The kender whirled around. “And I’m getting a bit tired of you, too, Flint!” he shouted. “Quit pounding that axe on the floor or I’ll wrap it around your neck.”

The room dissolved into laughter, and even the judge grinned.

Crysania sank back down beside Raistlin, her face deathly pale. “What is this mockery?” she murmured fearfully.

“I don’t know, but I’m going to put an end to it.” Raistlin rose to his feet.

“Silence, all of you.” His soft, whispering voice brought immediate quiet to the room. “This lady is a holy cleric of Paladine! I am a wizard of the Black Robes, skilled in the arts of magic—”

“Oh, do something magic!” the kender cried, jumping to his feet again. “Whoosh me into a duck pond—”

“Sit down!” yelled the dwarf.

“Set the dwarf’s beard on fire!” Tasslehoff laughed.

There was a round of applause for this suggestion.

“Yes, show us some magic, wizard.” Tanis called out over the hilarity in the Hall.

Everyone hushed, and then the crowd began to murmur, “Yes, wizard, show us some magic. Do some magic, wizard!” Kitiara’s voice rang out above the others, strong and powerful. “Perform some magic, frail and sickly wretch, if you can!”

Raistlin’s tongue clove to the roof of his mouth. Crysania was staring at him, hope and terror in her gaze. His hands trembled. He caught up the Staff of Magius, which stood at his side, but, remembering what it had done to him, he dared not use it.

Drawing himself up, he cast a look of scorn upon the people around him. “Hah! I do not need to prove myself to such as you—”

“I really think it might be a good idea,” Tas muttered, tugging at Raistlin’s robe.

“You see!” shouted Sturm. “The witch cannot! I demand judgment!”

“Judgment! Judgment!” chanted the crowd. “Burn the witches! Burn their bodies! Save their souls!”

“Well, wizard?” Tanis asked sternly. “Can you prove you are what you claim?”

Spell words slithered from his grasp. Crysania’s hands clutched at him. The noise deafened him.

He couldn’t think! He wanted to be alone, away from the laughing mouths and pleading, terror-filled eyes. “I—” He faltered, and bowed his head.

“Burn them.”

Rough hands caught hold of Raistlin. The courtyard disappeared before his eyes.
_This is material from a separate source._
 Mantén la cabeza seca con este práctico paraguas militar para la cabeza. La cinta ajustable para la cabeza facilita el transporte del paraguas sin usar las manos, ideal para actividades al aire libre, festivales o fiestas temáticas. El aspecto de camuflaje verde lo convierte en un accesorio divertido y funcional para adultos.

He struggled, but it was useless. The man who held him was big and strong, with a face that might once have been jovial but was now serious and intent.
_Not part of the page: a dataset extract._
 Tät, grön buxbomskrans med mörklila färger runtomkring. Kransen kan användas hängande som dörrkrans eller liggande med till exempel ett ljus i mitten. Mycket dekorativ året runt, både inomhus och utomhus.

“Caramon! Brother!” Raistlin cried, twisting in the big man’s grasp to look into his twins face.

But Caramon ignored him. Gripping Raistlin firmly, he dragged the frail mage up a hill. Raistlin looked around. Before him, on the top of the hill, he saw two tall, wooden stakes that had been driven into the ground. At the foot of each stake, the townspeople—his friends, his neighbors were gleefully tossing great armloads of dry tinder onto a mound.
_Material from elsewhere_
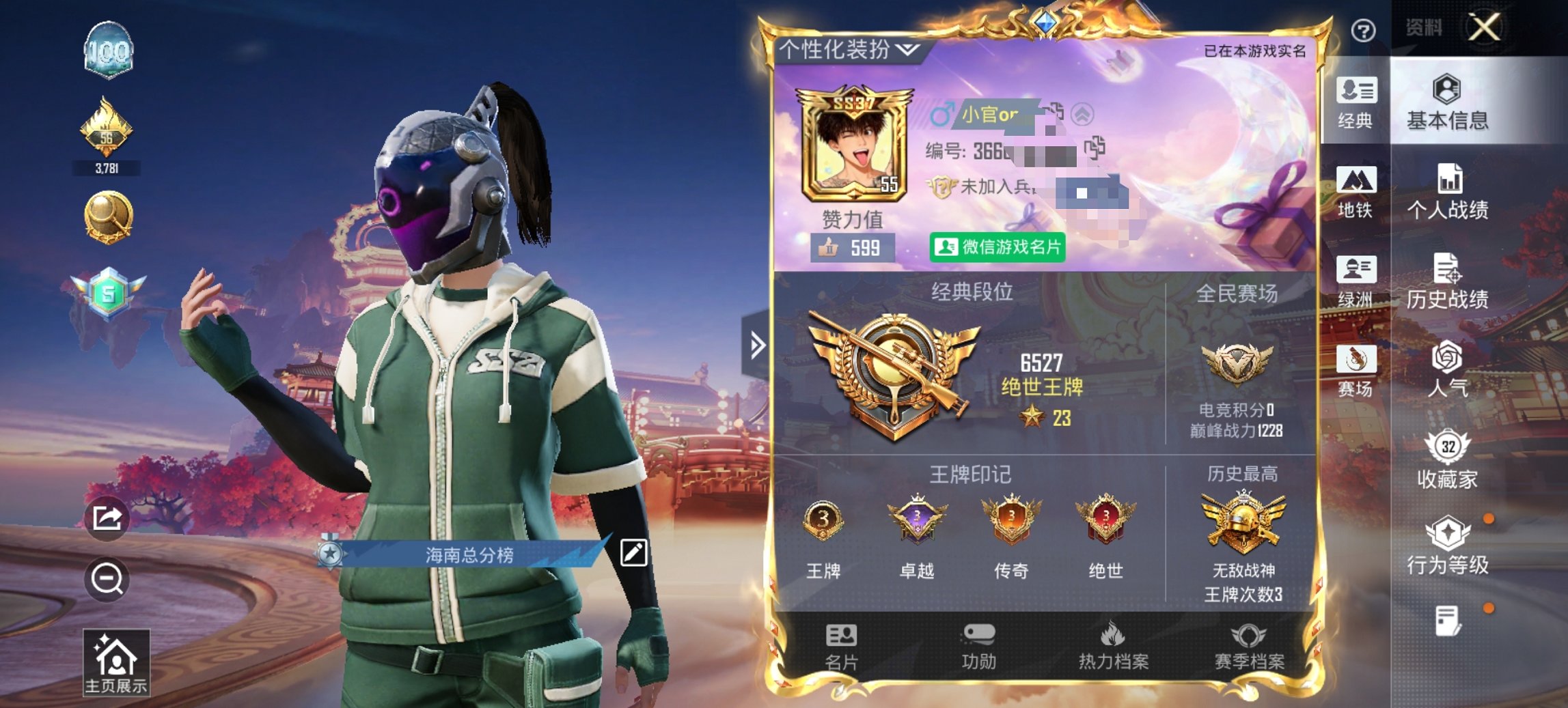 可二次实名【战神框2粉装3特效枪】 安卓V区-18956热力值-3印记-历史最高段位:无敌战神-49套装-69枪皮 【2粉装】 幻影战神 角色-幻星舰长【3特效枪】 Mk14-福马献瑞(5级) ACE32-萌骑漫游(3级) DP-28-豹影疾电(5级)【85热门】 破蛋小黄鸡 白色伏地魔 AUG-幻影战神 M762-天降萌叽 MG3-幻世战舞者 长空猛禽 夏日倾情 魅力单车 红色运动 黑色伏地魔 AA12-G-雨过天青 沙漠之鹰-雨过天青 平底锅-画境星梦 超感刻度 P90-紫矿核心 GROZA

“Where’s Crysania?” he asked his brother, hoping she might have escaped and could now return to help him. Then Raistlin caught a glimpse of white robes. Elistan was binding her to a stake. She fought, trying to escape his grasp, but she was weakened from her suffering. At last, she gave up. Weeping in fear and despair, she slumped against the stake as they tied her hands behind it and bound her feet to the base.